LECCE - “Dal Giappone con furore”: così si potrebbe riassumere l’esperienza di Kazuto Morita, 17 anni, residente ad Osaka e ospitato dalla famiglia Pisacane, a Lecce. per un anno intero. Dai grattacieli al mare, Kazuto ha scelto di venire in Italia con il programma High School di Wep, organizzazione leader nel settore degli scambi linguistici e culturali. "Voglio imparare a cucinare – spiega -. Quale posto migliore del vostro paese per conoscere i segreti della tavola? Il mio sogno – aggiunge in perfetto leccese - è aprire un ristorante e chiamarlo 'Beggiu'".
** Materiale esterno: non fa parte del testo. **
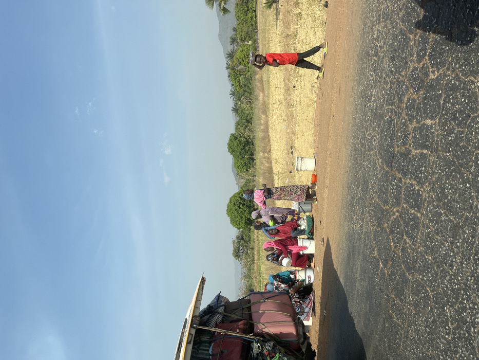 An outdoor scene in Aboro, Nigeria, depicts a roadside environment under a clear blue sky with minimal cloud cover. In the foreground, a heavily cracked asphalt road is visible, transitioning to a light brown, sandy shoulder on the right. On the far left, a white vehicle, likely a bus or large van, is partially visible, its roof rack heavily loaded with various pieces of luggage, including pink-covered items resembling mattresses or bedding, secured with ropes. To the right of the vehicle, a group of approximately six to seven individuals, mostly women and children dressed in diverse traditional attire with head coverings, are gathered. Several are seated on the ground or low objects, while one woman in a pink top and patterned skirt stands upright. Multiple white and red buckets or containers are placed on the ground in front of the group. Further to the right, a young boy walks from the right side of the frame towards the left, wearing a red short-sleeved shirt, dark pants, and yellow shoes. He balances a circular, flat object, consistent with a platter or bowl, on his head. The background consists of a dry, yellowish field, a line of green trees, and distant hills under a hazy sky.

Le prime difficoltà ormai sono state superate, principalmente il problema della lingua. «Gli italiani parlano molto velocemente e all’inizio potevo fare affidamento solo sull’inglese. Ora però – aggiunge orgoglioso - capisco quasi tutto, anche se continuo ad avere problemi con il dialetto». «Vorrei imparare lo spagnolo – aggiunge -, ma mi sa che devo andare per gradi». Come previsto dal programma High School, che inserendo gli studenti in una scuola superiore locale e in una famiglia del posto permette un’immersione integrale nella cultura e nello stile di vita del paese, Kazuto frequenta l’istituto Marcelline con la sorella ospitante, dove ha avuto occasione di incontrare molte persone.
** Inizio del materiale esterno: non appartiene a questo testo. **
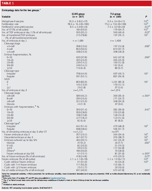 研究意義:這些是直接反映培養環境對胚胎早期發育質量影響的核心指標。結果顯示,TLI組的胚胎在第2天發育更快(<4細胞的胚胎更少)、碎片更少(0-10%碎片的胚胎更多),并且優質胚胎比例顯著更高(TLI組40.4% vs. G185組35.2%)。這表明更穩定的封閉培養環境(減少溫度、氣體和PH值的波動)有利于胚胎的早期發育質量。
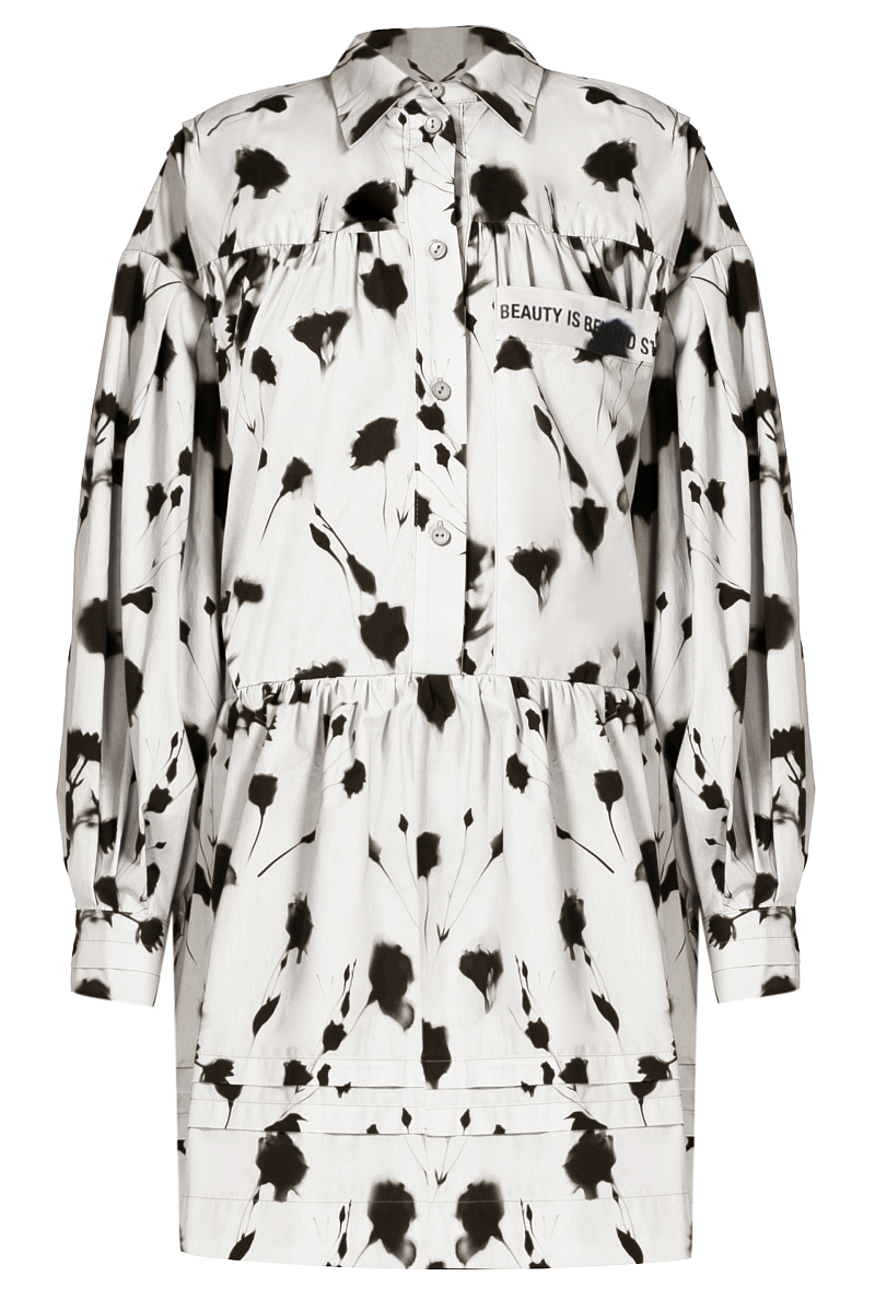 Платье мини российского бренда EVE&ESTHER, сезон Весна-Лето. Состав: 100% хлопок. Параметры модели: 176/84/64/92, надет размер one size. Цвет: белый, авторский принт.

«Ora ho un migliore amico italiano – precisa – si chiama Alessandro». Nel tempo libero gioca a basket, esce con gli amici e vorrebbe trovarsi una fidanzata. «Le ragazze italiane sono bellissime», scherza il piccolo latin lover con gli occhi a mandorla. «L’Italia è molto diversa dal Giappone – riflette -. Noi in casa non mettiamo mai le scarpe, non mangiamo le lasagne e non siamo calorosi. All’inizio – ammette – i baci e gli abbracci mi mettevano a disagio, ma ora mi sono abituato e le pacche sulle spalle le do anche io».
«La mia più grande paura – racconta Kazuto – era quella di rimanere solo a Capodanno. Per noi l’inizio del nuovo anno è una grande festa da trascorrere con gli amici, qui avevo timore di avere nostalgia di casa. Alla fine mi sono sentito a casa proprio qui a Lecce. Sono andato a una festa dove conoscevo quasi tutti, ho ballato, scherzato e sono stato molto bene».
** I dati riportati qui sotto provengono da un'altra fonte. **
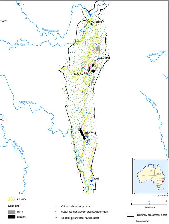 The GW AEM also provides the time series of change in the lower boundary condition for the Avon and Karuah alluvial MODFLOW models. As drawdowns vary smoothly in space and time and to avoid the numerical burden of computing drawdown time series at every 90 m grid cell with a monthly time step, outputs were generated only for the surface weathered and fractured rock layer at a selection of 108 points (Figure 19) every ten years of simulation between 0 and 100 years. This selection of output locations and times is the result of a trial-and-error procedure to ensure information loss is minimal. The spatial density of points was controlled by the position of the Avon River and Karuah River alluvium model grid and the proposed coal seam gas (CSG) development area. For communication with the alluvial groundwater models, this model output was resampled and interpolated to the desired spatial and temporal resolution.
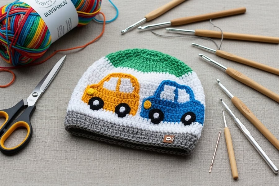 The blue hat with checkered trim looks so cool. I enjoy adding the red and yellow crocheted car appliques. They make the beanie extra fun.

«Per noi è parte della famiglia– spiega la signora Pisacane -, ormai cucina, parla un italiano perfetto e insegna a noi il giapponese. Mi sono buttata in quest’esperienza perché mia figlia, 16 anni, voleva un fratello. Non è il primo ragazzo che abbiamo ospitato, ma con lui si è creato un legame speciale sin da quando siamo andate a prenderlo all’aeroporto con tanto di striscioni di benvenuto. All’inizio in paese ci guardavano titubanti, ora molte persone vogliono vivere lo stesso arricchente scambio. Avere un ragazzo in casa che proviene da una cultura molto diversa è stimolante non solo per i ragazzi, ma anche per noi genitori che sono costretti a mettersi in gioco. Poi – aggiunge – ora è lui da noi, ma prossimamente andremo noi da lui».
Il viaggio in Italia per Kazuto però sta volgendo al termine. «A giugno tornerò in Giappone – spiega -. In valigia vorrei mettere tutti i miei nuovi amici, ma non avendo una borsa così grossa porterò solo la macchinetta del caffè. Voglio fare bere a tutti i giapponesi il caffè macchiato!».